First, the language: the author has done a very good job of getting that right. It reads pretty much like a 19th century book, to my eyes at least. The story is very similar to the original, with some changes. For example, Lina, the Cathy character, has no older brother and Damek, the Heathcliff of this novel, is related to the king and is imposed on the family. That makes a big difference to the storyline.
The technology is about the same, but the social structure is somewhat different. The north has its own royal family, which raises money by means of the Vendetta. Only those related to the ruler are exempt.
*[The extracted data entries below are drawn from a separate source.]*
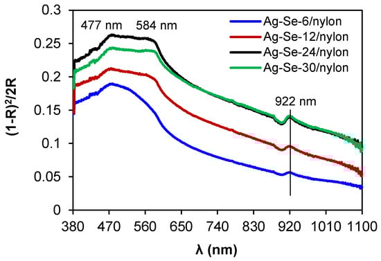 In the spectrum of the Ag–Se-6/nylon sample (Figure 7), the maximum absorption peak was located at 477 nm, accompanied by a shoulder peak at 584 nm.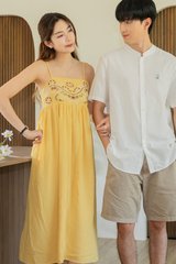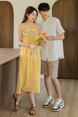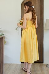 *Preorder - 8/9 Feb* ACW Rustic Panel Embroidery Flowy Cami Midi Dress in Daffodil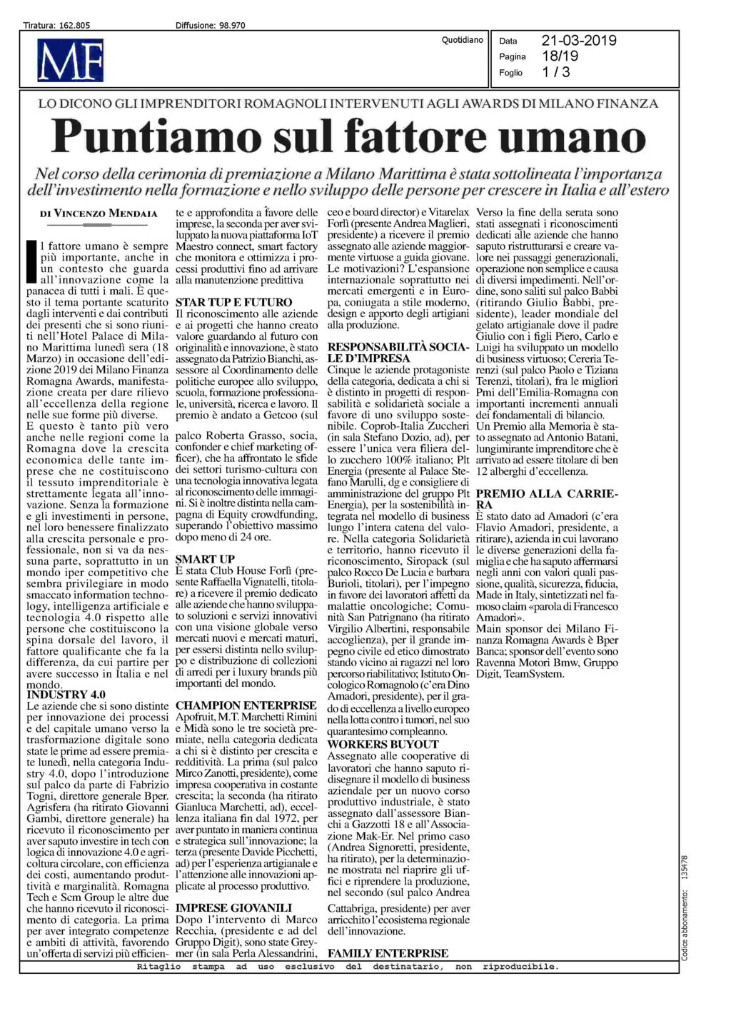 Scm Group è tra le eccellenze emiliano-romagnole premiate da Milano Finanza alla prima edizione dei Romagna Awards. Al nostro gruppo è andato il Premio “Industria 4.0”, importante riconoscimento agli investimenti effettuati nelle tecnologie IoT per supportare il cliente monitorando e ottimizzando i processi produttivi fino ad arrivare ad una manutenzione sempre più intelligente e produttiva. A ritirare il Premio, il Presidente di Scm Group Giovanni Gemmani che ha sottolineato la capacità del gruppo di innovare per continuare ad essere leader mondiale e dare una risposta sempre più performante alle nuove sfide tecnologiche del settore.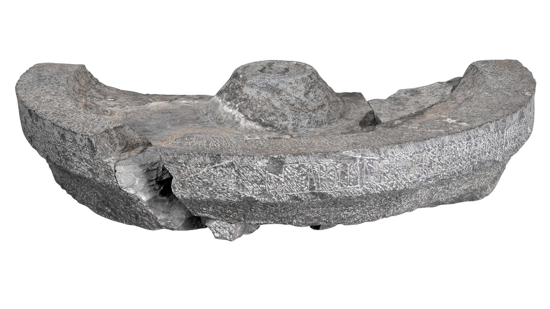 Die Widmungsinschrift Apoll(ini) Smerturici Exsuper Mansueti f(ilius), die in einer tabula ansata (von Schwalbenschwänzen flankierte Kartusche) angeordnet ist, ist von großem Interesse, da sie uns den Namen der Schutzgottheit des Heiligtums verrät: Apollon, der in seiner lokalen Form (Smerturix bedeutet "der Versorger, der Beschützer") als Heil- oder Reinigungsgott verehrt wurde, und wir erfahren den Namen des Widmungsträgers, eines Peregriners (freier Bewohner ohne römisches Bürgerrecht) namens Exsuper, Sohn des Mansuetus.

If someone kills a person related to you, you must kill them and, in turn, be killed by someone in that family and, before you go off to commit your murder, you have to drop off some cash at the palace. Entire villages are wiped out because it’s compulsory. If the royal coffers are low and nobody has a vendetta going, the king ensures one is started. Oh, and the victim not having a family doesn’t prevent vendetta; in this case, the last family who hosted them must avenge the death.
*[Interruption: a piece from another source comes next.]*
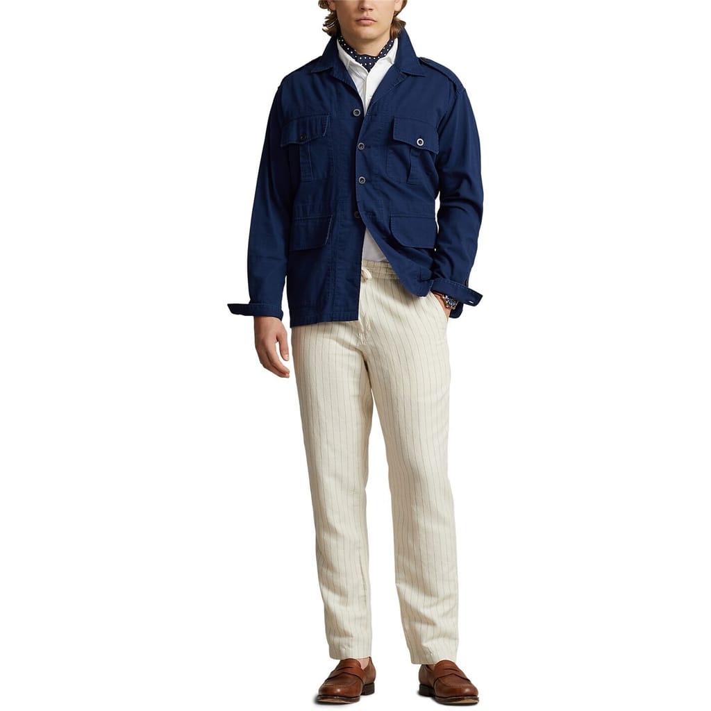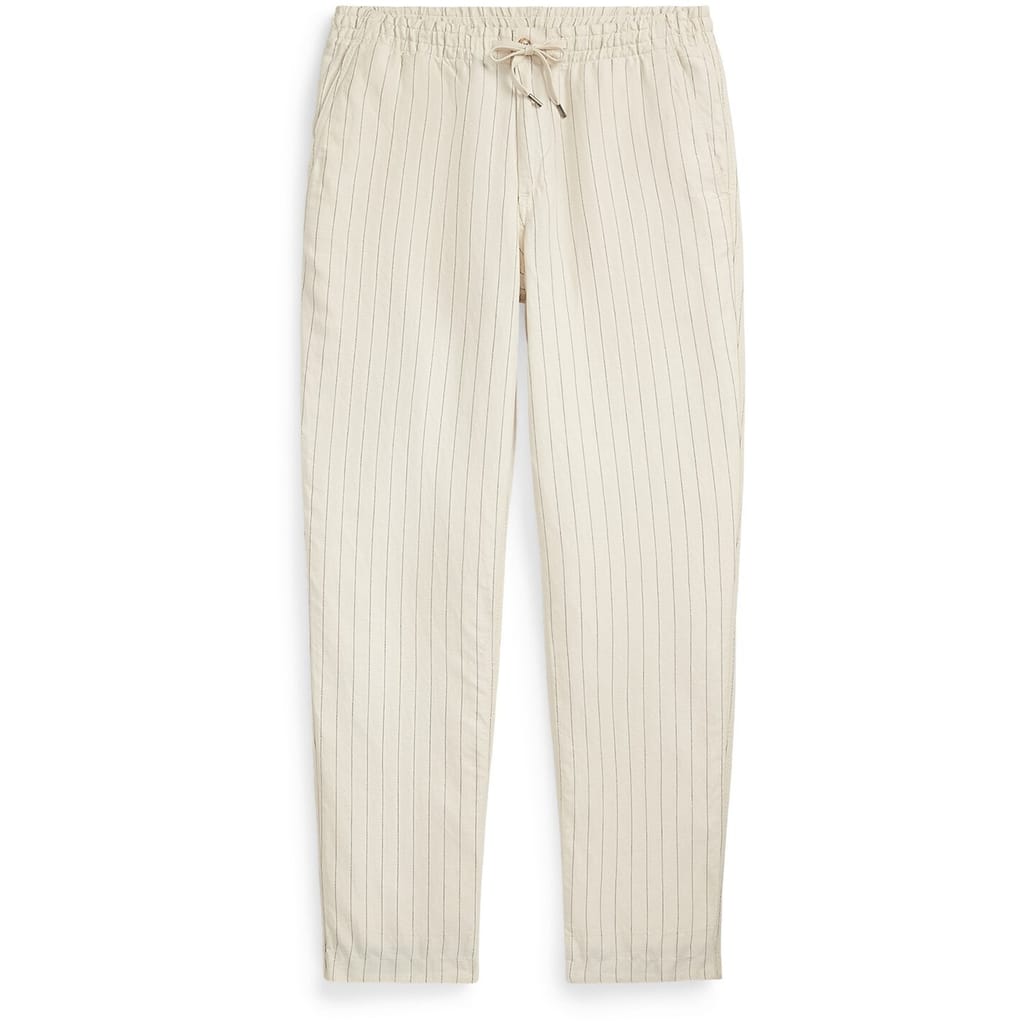 Elevate your wardrobe with Polo Ralph Lauren's chinos, perfect for both casual and workwear settings. These pants feature a regular fit and a stylish vertical stripe pattern, adding a touch of sophistication to your look. The drawstring closure ensures a comfortable fit, while the pocket embellishments provide practicality. -

Then there are the wizards, who don’t seem to do a lot apart from terrorizing villagers and issuing orders. On the other hand, if a girl is born with the violet eyes of a witch, she is killed. Presumably the wizards don’t want competition. Lina is a born witch, but the family move south for some years and then are allowed to move back without her destruction.
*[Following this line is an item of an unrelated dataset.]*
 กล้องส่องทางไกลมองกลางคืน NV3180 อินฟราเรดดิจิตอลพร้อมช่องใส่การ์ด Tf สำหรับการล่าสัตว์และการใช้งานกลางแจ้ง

Interesting as all this is, I’m not sure that the Vendetta, at least, adds anything to the novel. If the author wanted to have a disaster in the village, a plague would surely have done the trick.
Despite all this, I’m sure Black Spring will have a lot of fans. It may do well for fantasy fans who aren’t ready to try the original. Those readers who, like me, have read the Bronte book, will have the fun of following the storyline and seeing how connected it is to the original. And I have to say that Lina is a somewhat more sympathetic character than Cathy: I have long thought that Cathy and Heathcliff are among fiction’s more obnoxious lovers, who thoroughly deserve each other.
But as a YA novel, it really needs very good readers, the kind who could handle the original, and if they can handle Wuthering Heights, why not give them the original?
Still, it’s well worth a read and hopefully, anyone who discovers and enjoys Black Spring first will check out Wuthering Heights, and that can be no bad thing. ◊
Sue Bursztynski lives in Australia, where she works as a teacher-librarian. She has written several books for children and young adults, including Crime Time: Australians Behaving Badly and, most recently, the YA novel Wolfborn. Her blog, The Great Raven, can be found at http://suebursztynski.blogspot.com.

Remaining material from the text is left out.